音階のある鉦と笛、太夫さんの合唱と義太夫三味線の音に忠信と静御前のユニゾンもとても贅沢。人形遣いの動きにみとれていると、ちらりと、ちょっとした間で三味線の糸を交換するところもかっこよくて見てしまう。
忠信と静御前のやりとりをみているうちに、寄せては返す三味線のフレーズと動きのせいだろうか。背景は桜のままなのにだんだん海がみえてくる。

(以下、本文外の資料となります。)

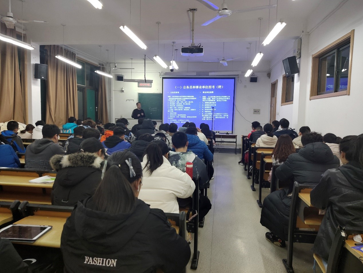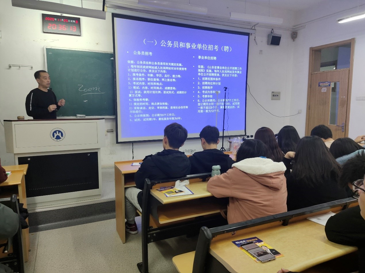 随后,李志军科长为我们详细介绍了公务员和事业单位招考、选调生选拔录用、创业担保贷款等知识,同学们系统地了解了岗位考试的内容和要求,并对在创业路上遇到的困难以及解决措施有了一个大体的认知。通过李科长的讲解,同学们更加认识到通往未来的路有许多,我们要选择最适合自己的那条。

そして鼓の音が気づかぬうちに止んでいて、また元の桜の道行の風景に戻っていく。道行に出る足と、劇場を出る足が繋がる。
名残惜しい、また会いたい。

■やぶくみこ
音楽家/作曲家。1982年岸和田生まれ。英国ヨーク大学大学院コミュニティーミュージックを修了。舞台音響家を経て音楽家へ。民族楽器を中心に国内外の舞台音楽の作曲、演奏や他ジャンルとのコラボレーション多数。地域と人々の多様性に寄り添ったオーダーメイドな音楽ワークショップを各地で展開。淡路島にて野村誠と「瓦の音楽」を2014年より監修。 2020年寺尾紗穂のCD「わたしの好きなわらべうた2」に参加。京都市在住。